The ACM also asks the Commission to clarify how far use-value, non-use value, and collective benefits count towards a fair share for consumers. Allocating the benefits to consumers can be done in different ways, e.g., for reasons of consumers being part of a global benefit, as part of the EU population’s share of the global benefits, and as the EU consumers’ share of the benefits within the relevant market. By extension the ACM advocates for the concept of future generation benefits to make its way into the fair share assessment.

On the indispensability of cooperation agreements, the ACM disagrees with the Commission. Where the Commission deems the use of cooperation agreement dispensable, if EU or national law already requires an undertaking to comply with concrete sustainability goals, the ACM believes these agreements to be indispensable if they aim to exceed or accelerate public targets.

Finally, the ACM points out that cooperation agreements could be necessary for bolstering local compliance amongst direct and indirect importers, such as agreements that set certain labour standards to be met by the producer in a country in which enforcement of such standards is lacking.

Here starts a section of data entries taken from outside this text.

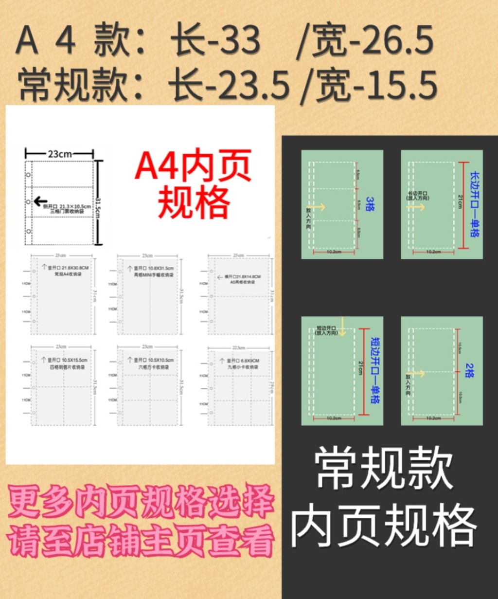 A4高清活页多规格正方格竖长条卡片机票收纳册内页袋活页样品册袋
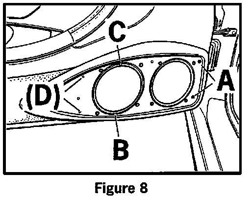 4.3 Insert the sheetmetal screw 4.2 x 70 on the bottom of the rear loudspeaker cut-out (Figure 8, Item B) and tighten hand tight only.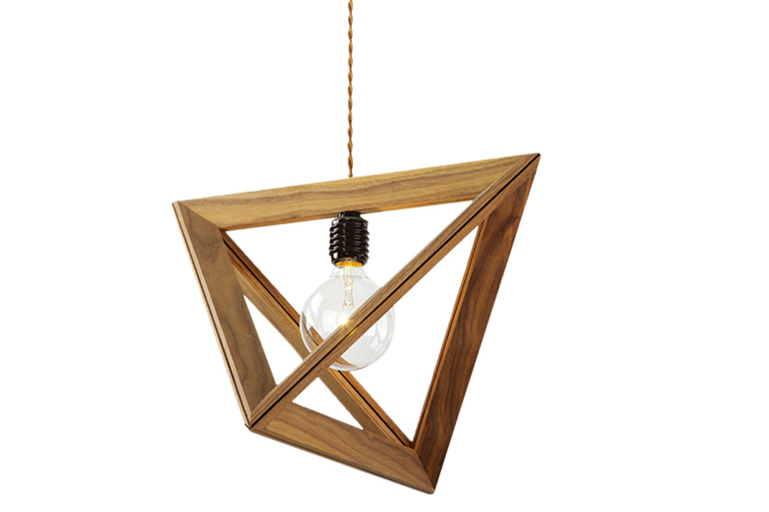 4面のトライアングルのフレームで構成されるペンダントライト。見る角度によって形の印象が変わる美しい造形が魅力です。シェードの素材はウォールナット材(BR)、アッシュ材(NA)からお選びいただけます。コードはねじりコードを使用しており、BR(ウォールナット材)の場合はブラウン色、NA(クリ材)の場合はレッド色となります。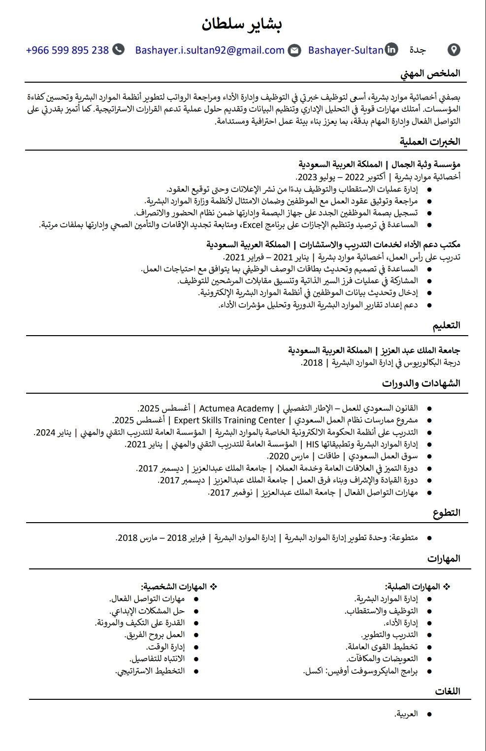 I am pleased to apply for your job opportunities. I am an HR Specialist from Jeddah with experience in recruitment, payroll, compliance with Saudi labor laws, and HR reporting. I also have strong knowledge of Saudi labor regulations and government e services. Please find my attached résumé

All below-standard agreements should therefore fall outside the scope of Article 101(1) TFEU.


The ACM also requests the Commission to give more clarification regarding several notions used by the Commission in its draft HBERs, for instance on the ‘field of use’ and the ‘competing efforts’ as used by the Commission in its draft revised R&D block exemption.

Consultation period

The consultation period lasts until 26 April 2022, after which the Commission will finalise its revised HBERs and Horizontal Guidelines. The revised HBERs and the Horizontal Guidelines will come into effect no later than 31 December 2022, when the incumbent versions will expire. It is not until then that we learn which of the suggestions above will make their way into the final versions.